You are viewing a plain text version of this content. The canonical link for it is here.
Posted to user@avro.apache.org by Pedro Cardoso <pe...@feedzai.com> on 2020/01/29 15:21:55 UTC

How to serialize & deserialize contiguous block of GenericRecords

Hello,

I am trying to write a sequence of Avro GenericRecords into a Java
ByteBuffer and later on deserialize them. I have tried using
FileWriter/Readers and copying the content of the underlying buffer to my
target object. The alternative is to try to split a ByteBuffer by the
serialized GenericRecords individually and use a BinaryDecoder to read each
property of a record individually.

Please see attached such an example of the former code.
The presented code fails with

org.apache.avro.AvroRuntimeException: java.io.IOException: Invalid sync!
at org.apache.avro.file.DataFileStream.hasNext(DataFileStream.java:223)
at com.feedzai.research.experiments.bookkeeper.Avro.main(Avro.java:97)
Caused by: java.io.IOException: Invalid sync!
at org.apache.avro.file.DataFileStream.nextRawBlock(DataFileStream.java:318)
at org.apache.avro.file.DataFileStream.hasNext(DataFileStream.java:212)
... 1 more

Hence my questions are:
 - Is it at all possible to serialize/deserialize lists of Avro records to
a ByteBuffer and back?
 - If so, can anyone point me in the right direction?
 - If not, can anyone point me to code examples of alternative solutions?

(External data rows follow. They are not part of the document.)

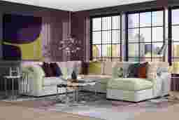 Slow mornings of easy relaxation. Everyday moments of warmth and connection. Lively gatherings flowing effortlessly into the evening. The Harmonie collection from Cindy Crawford Home is there for it all, rising to every occasion with luxurious comfort and elevated form. Wrapped in family-friendly dove gray microfiber suede, this do-it-all sectional offers a perfect blend of versatile function and contemporary style. Refined track arms and top-stitched seams showcase a timeless tailored look that fits beautifully into any home. Gracefully curved, loose cushions are filled with a custom blend of feathers, fiber and down surrounding a supportive foam core for comfort that's soft yet structured. Matching toss pillows at each corner adds a touch of softness, while black block legs provide a subtle contrast to ground the ensemble. Upholstery: 100% Polyester.
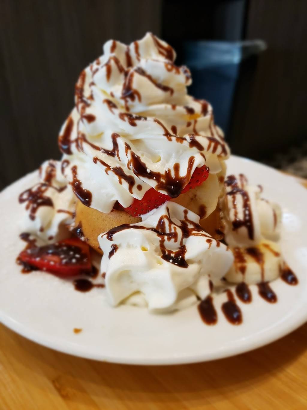 For dessert ordered the strawberry and bananas on a waffle with whipped cream and chocolate syrup.
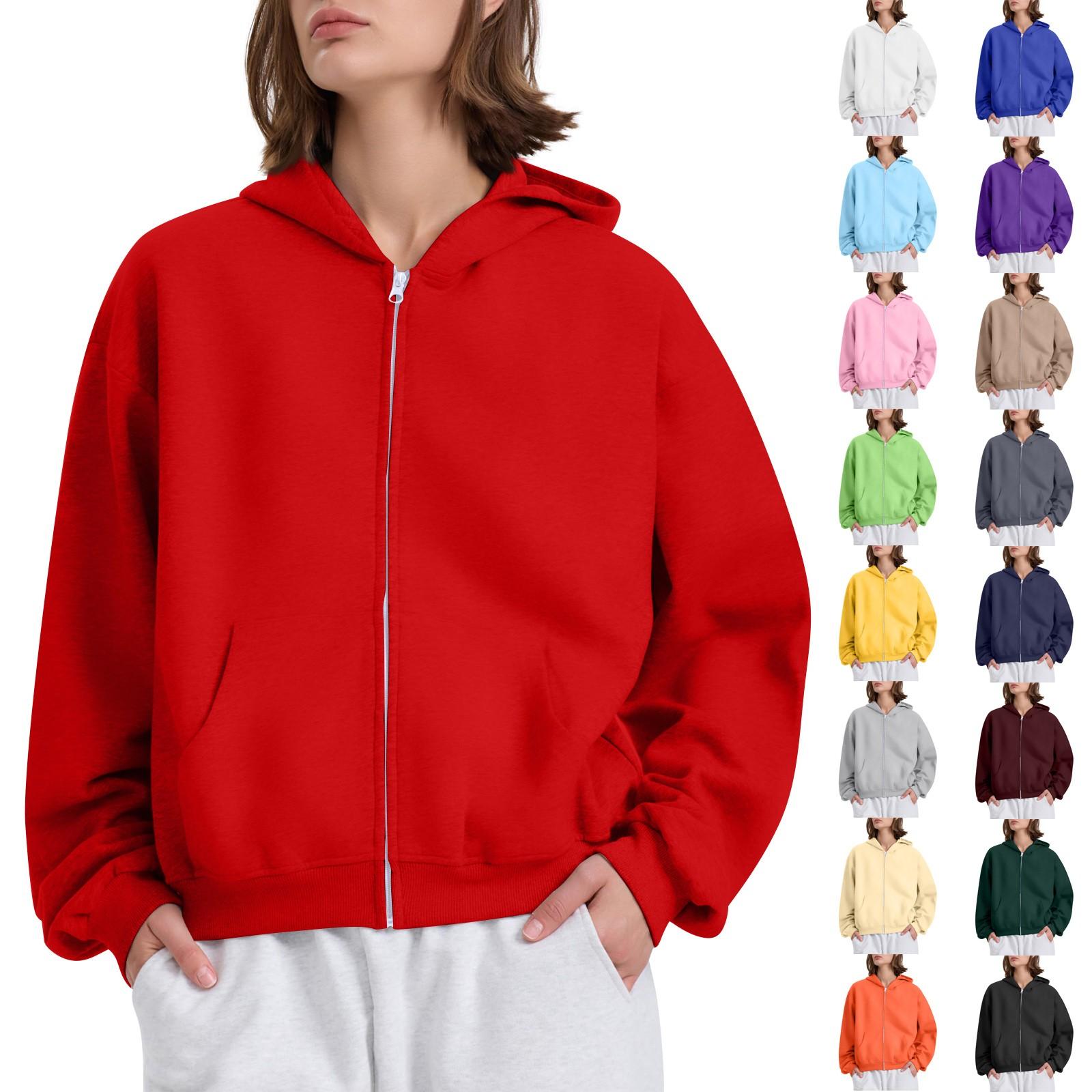 Damska bluza z kapturem z długim rękawem i zamkiem błyskawicznym L wielbłądzi

Thank you and have a good day.

Pedro Cardoso

Research Data Engineer

pedro.cardoso@feedzai.com




[image: Follow Feedzai on Facebook.] <https://www.facebook.com/Feedzai/>[image:
Follow Feedzai on Twitter!] <https://twitter.com/feedzai>[image: Connect
with Feedzai on LinkedIn!] <https://www.linkedin.com/company/feedzai/>
<https://feedzai.com/>[image: Feedzai in Forbes Fintech 50!]
<https://www.forbes.com/fintech/list/>

-- 
The content of this email is confidential and 
intended for the recipient 
specified in message only. It is strictly 
prohibited to share any part of 
this message with any third party, 
without a written consent of the 
sender. If you received this message by
 mistake, please reply to this 
message and follow with its deletion, so 
that we can ensure such a mistake 
does not occur in the future.

Re: How to serialize & deserialize contiguous block of GenericRecords

Posted by Ryan Skraba <ry...@skraba.com>.
Ah!  OK, I think I understand better.

Your serialize method looks almost OK -- as I mentioned, you can use an
OutputStream wrapper to write directly to a ByteBuffer.  This wrapper
doesn't exist in the Java utilities AFAIK, but there are examples on the
web (
https://github.com/EsotericSoftware/kryo/blob/master/src/com/esotericsoftware/kryo/io/ByteBufferOutputStream.java).
The one I mentioned in the previous message wraps a list of ByteBuffers.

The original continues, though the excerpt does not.